- **Work instruction**: Set down the entries exactly as they appear, apart from the images, which stay out.

- **Extracted material**:
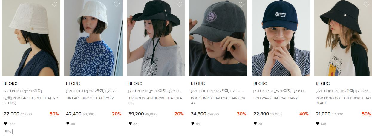 할인 품목 : 버킷햇, 볼캡 등
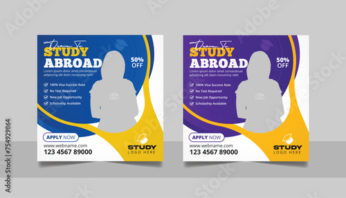 Study abroad social media post banner, Higher education social media post square flyer web banner template
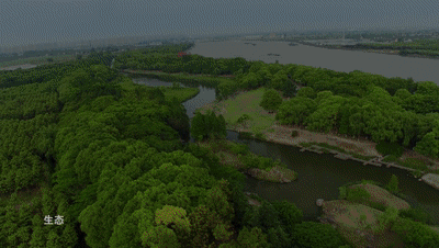 绿地景观沿黄浦江和兰香湖沿岸生长形成有序又自然的生态景观。
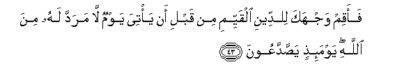 43. Basi uelekeze uso wako kwenye Dini Iliyo Nyooka kabla ya kufika
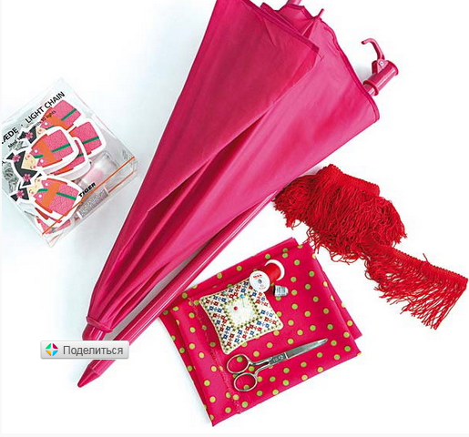 Вам потребуется: пляжный зонтик яркого цвета, ткань в тон зонтику с рисунком (например, в горошек), шелковая бахрома (измерьте окружность зонтика, чтобы рассчитать количество, скорее всего, получится около 3 метров), бумажные гирлянды, ножницы, нитки, иголки, резиновые фланцы.
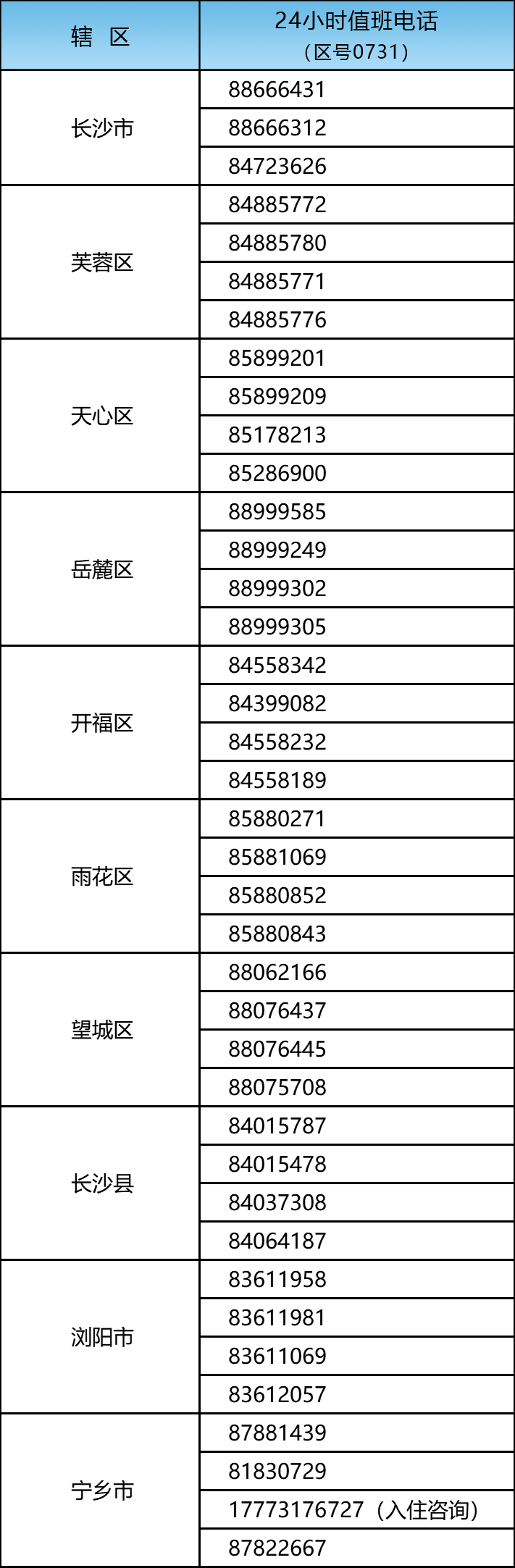 长沙市县两级新冠肺炎防控指挥部值班电话:
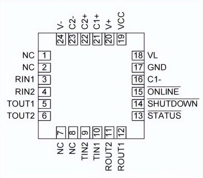 電荷泵需要4個(gè)0.1uF外部電容(C1~C4)
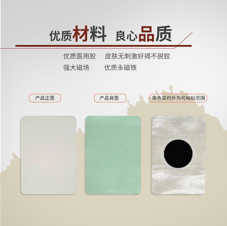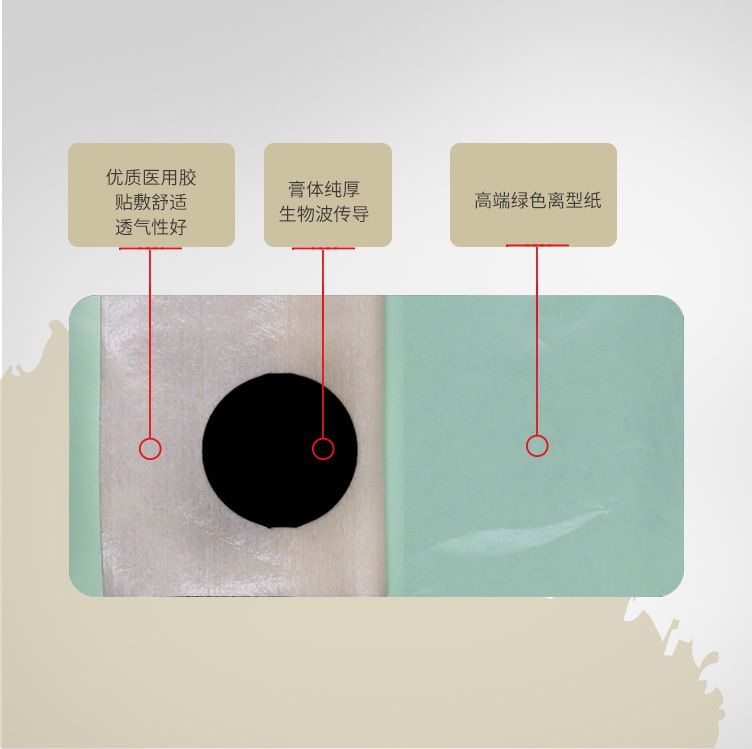 - 由治疗膏(远红外陶瓷粉和医用胶构成)、医用胶布、保护膜(离型纸)组成。
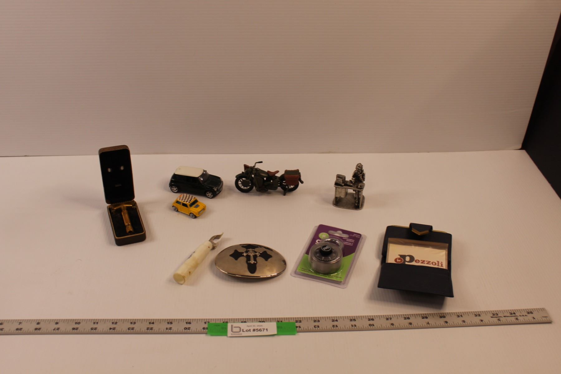 (2) Mini Cooper Die Cast Cars (2000 Hot Wheels 1:64 Scale w/Removable Body & Maisto 1:36 Scale), Maisto WWII Harley-Davidson , Pewter Desk Decor., New Pezzoli Ladies Wallet, Vintage Razor w/Case, Cross Belt Buckle, Paint Can Opener & New in Package Combo. Lock
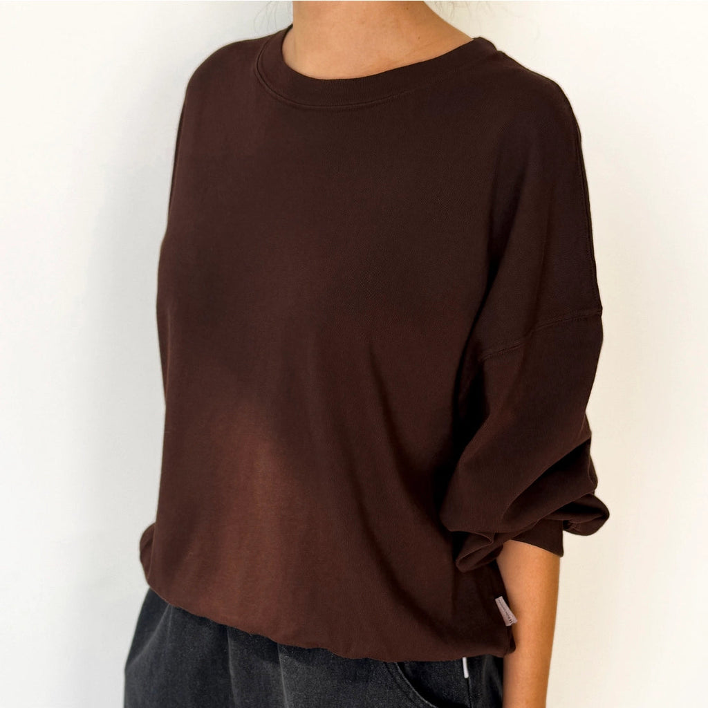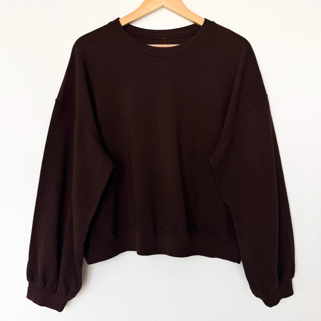 Why we made this: The Cali Jersey Sweatshirt blends the best of The Little Boy Tee and the Poche Top for a playful take on the classic crewneck. Crafted from 100% premium cotton jersey, it offers the lightweight feel of the Little Boy Tee, making it ideal for layering under jackets. It also borrows signature details from the Poche Top, like a ribbed crew neckline and relaxed balloon sleeves. Designed with a slightly oversized fit, it features a perfectly cropped length, creating the perfect balance of style Made in Los Angeles, USA Contents:100% COTTON PREMIUM JERSEY Care Instructions: Due to the nature of pigment dye, loose pigments may remain on the surface of the garments. - Do not spot clean - Washing these garments only with like colors and in cold water - Hang Dry Approximate Measurements: Small : Chest - 23”, Length - 22 1/2” Medium : Chest - 24” , Length - 23” Large : Chest - 25”, Length - 23 1/2" Model is 5' 6", 110 lbs and wearing a size small
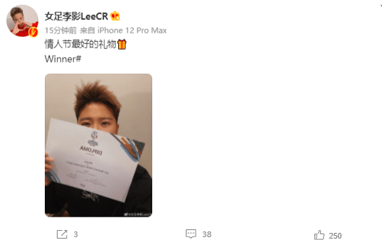 24直播网02月15日讯 北京时间今天,女足前锋李影晒出亚洲杯冠军证书,并发文:“情人节最好的礼物,冠军”
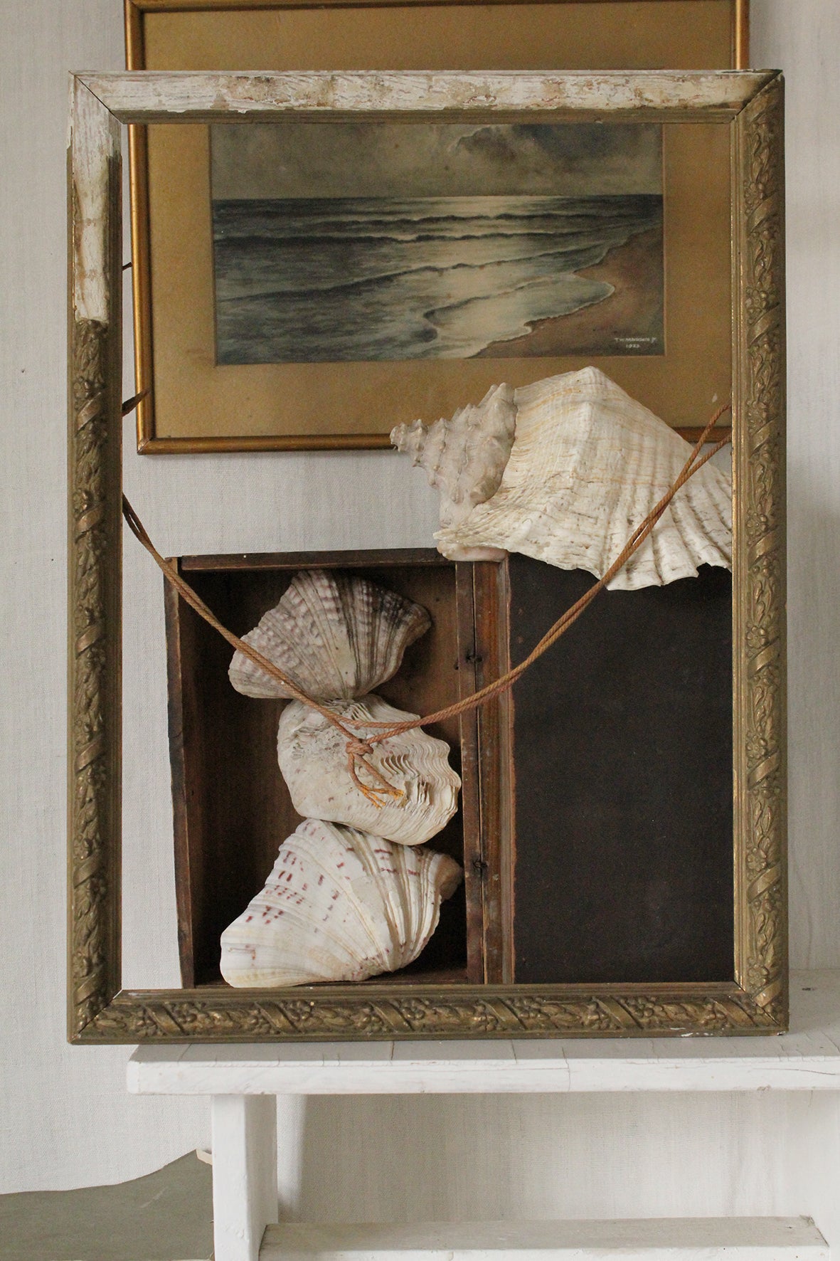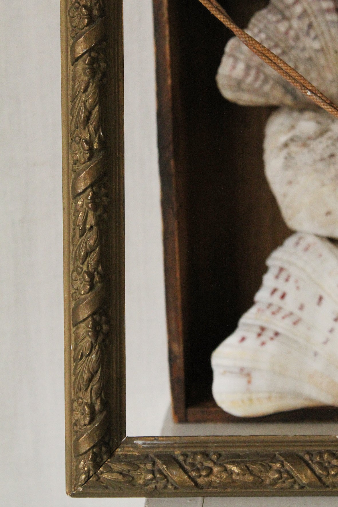 A perfectly imperfect old decorative frame where part of the plaster moulding has been removed on its journey. Empty frames look rather lovely just hanging on their own on a wall especially if you place a smaller empty frame inside another slightly off centre and playing with composition. A this time of year they are wonderful to hang on a wall and then tape a sculptural seed head inside to the wall to create a piece of art.
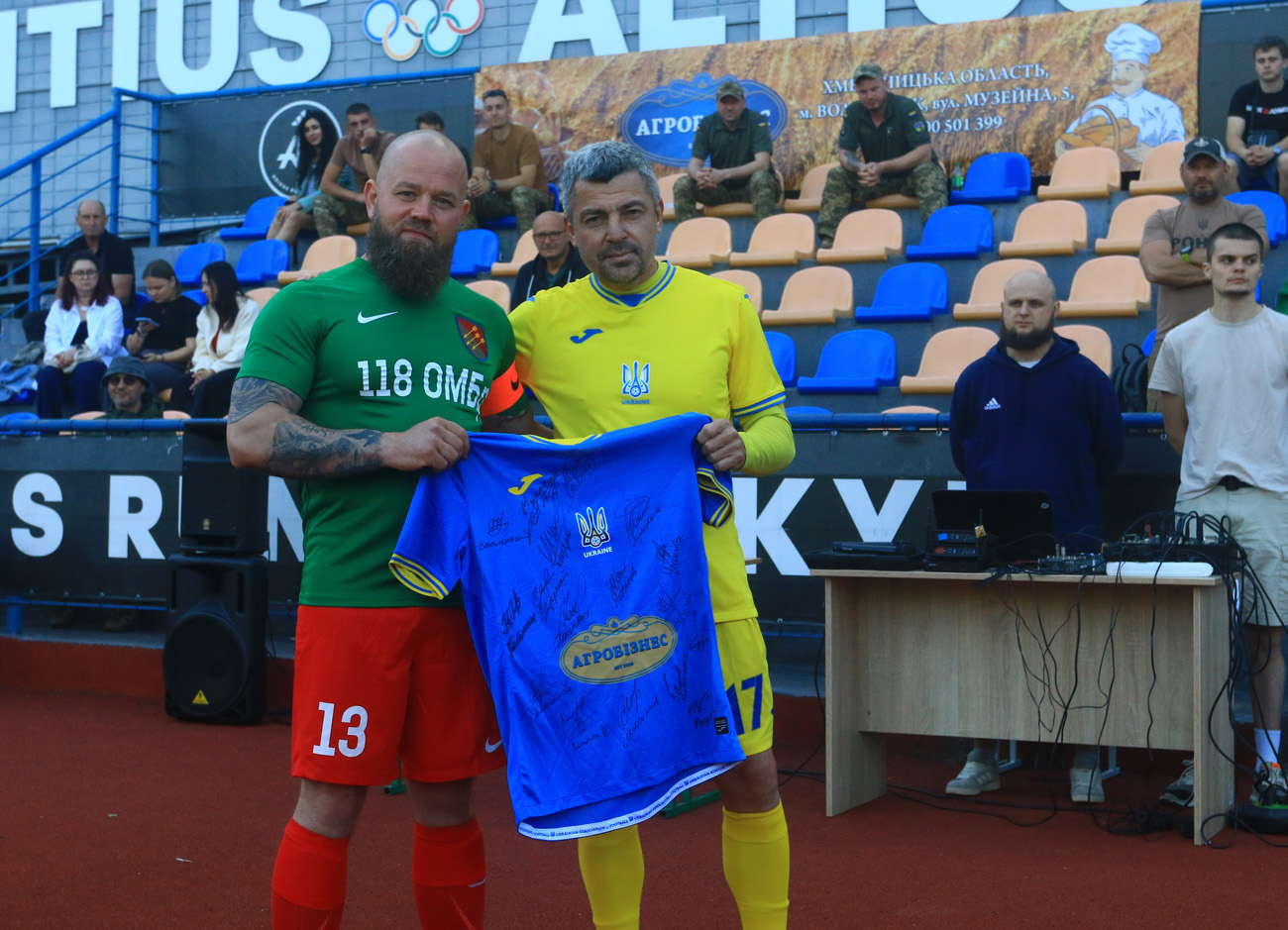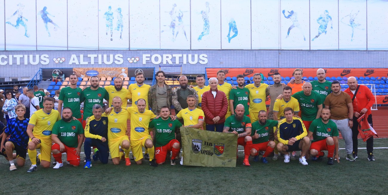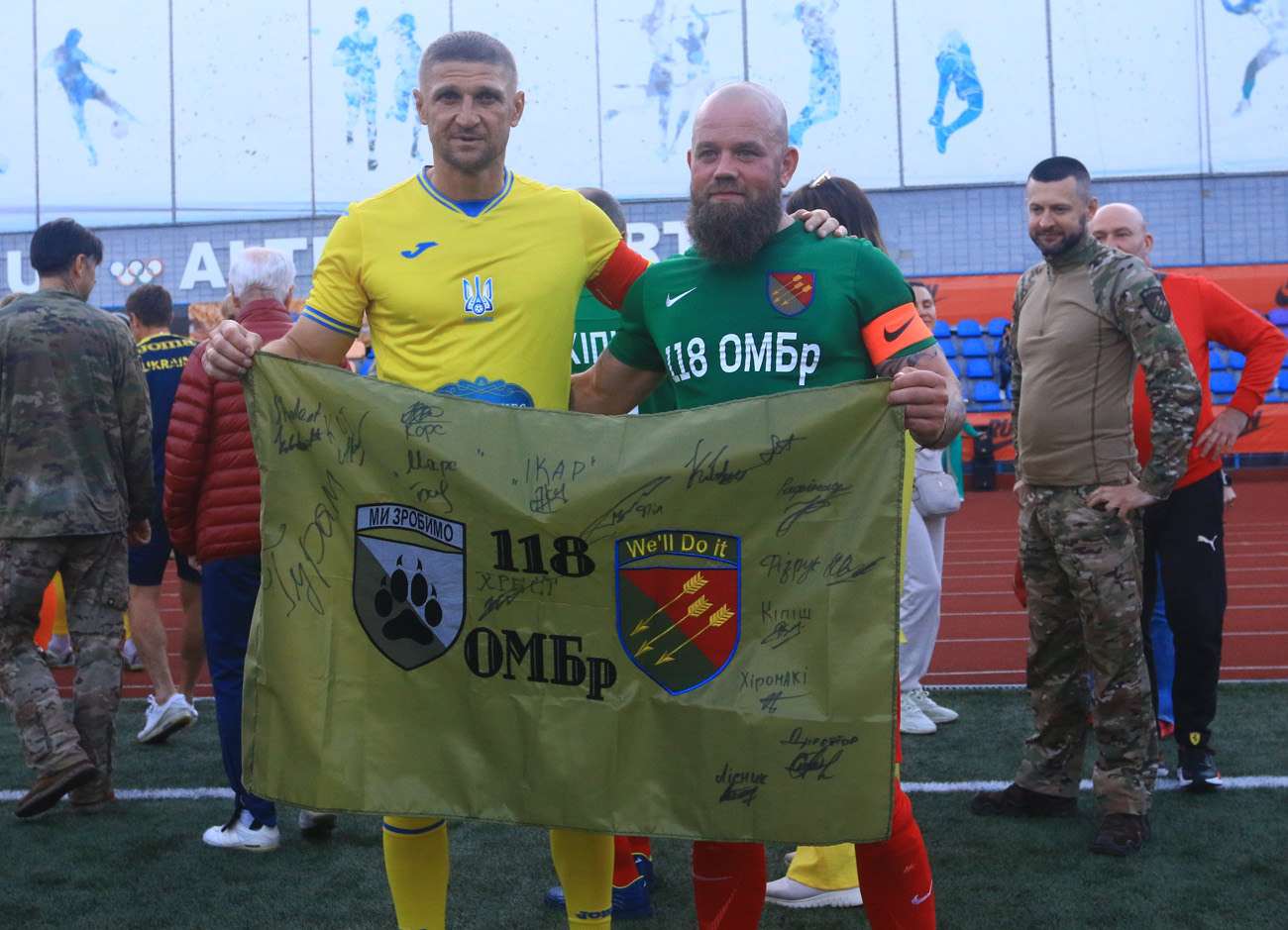 На полі «КНУБА-Арени» в Києві зустрілися ті, кого аплодували на стадіонах, і ті, перед ким ми схиляємо голови – футбольні легенди Національної збірної України серед ветеранів та воїни 118-ї окремої механізованої бригади ЗСУ.

- **Output**:
 할인 품목 : 버킷햇, 볼캡 등
 Study abroad social media post banner, Higher education social media post square flyer web banner template
 绿地景观沿黄浦江和兰香湖沿岸生长形成有序又自然的生态景观。
 43. Basi uelekeze uso wako kwenye Dini Iliyo Nyooka kabla ya kufika
 Вам потребуется: пляжный зонтик яркого цвета, ткань в тон зонтику с рисунком (например, в горошек), шелковая бахрома (измерьте окружность зонтика, чтобы рассчитать количество, скорее всего, получится около 3 метров), бумажные гирлянды, ножницы, нитки, иголки, резиновые фланцы.
 长沙市县两级新冠肺炎防控指挥部值班电话:
 電荷泵需要4個(gè)0.1uF外部電容(C1~C4)
 - 由治疗膏(远红外陶瓷粉和医用胶构成)、医用胶布、保护膜(离型纸)组成。
 (2) Mini Cooper Die Cast Cars (2000 Hot Wheels 1:64 Scale w/Removable Body & Maisto 1:36 Scale), Maisto WWII Harley-Davidson , Pewter Desk Decor., New Pezzoli Ladies Wallet, Vintage Razor w/Case, Cross Belt Buckle, Paint Can Opener & New in Package Combo. Lock
 Why we made this: The Cali Jersey Sweatshirt blends the best of The Little Boy Tee and the Poche Top for a playful take on the classic crewneck. Crafted from 100% premium cotton jersey, it offers the lightweight feel of the Little Boy Tee, making it ideal for layering under jackets. It also borrows signature details from the Poche Top, like a ribbed crew neckline and relaxed balloon sleeves. Designed with a slightly oversized fit, it features a perfectly cropped length, creating the perfect balance of style Made in Los Angeles, USA Contents:100% COTTON PREMIUM JERSEY Care Instructions: Due to the nature of pigment dye, loose pigments may remain on the surface of the garments. - Do not spot clean - Washing these garments only with like colors and in cold water - Hang Dry Approximate Measurements: Small : Chest - 23”, Length - 22 1/2” Medium : Chest - 24” , Length - 23” Large : Chest - 25”, Length - 23 1/2" Model is 5' 6", 110 lbs and wearing a size small
 24直播网02月15日讯 北京时间今天,女足前锋李影晒出亚洲杯冠军证书,并发文:“情人节最好的礼物,冠军”
 A perfectly imperfect old decorative frame where part of the plaster moulding has been removed on its journey. Empty frames look rather lovely just hanging on their own on a wall especially if you place a smaller empty frame inside another slightly off centre and playing with composition. A this time of year they are wonderful to hang on a wall and then tape a sculptural seed head inside to the wall to create a piece of art.
 На полі «КНУБА-Арени» в Києві зустрілися ті, кого аплодували на стадіонах, і ті, перед ким ми схиляємо голови – футбольні легенди Національної збірної України серед ветеранів та воїни 118-ї окремої механізованої бригади ЗСУ.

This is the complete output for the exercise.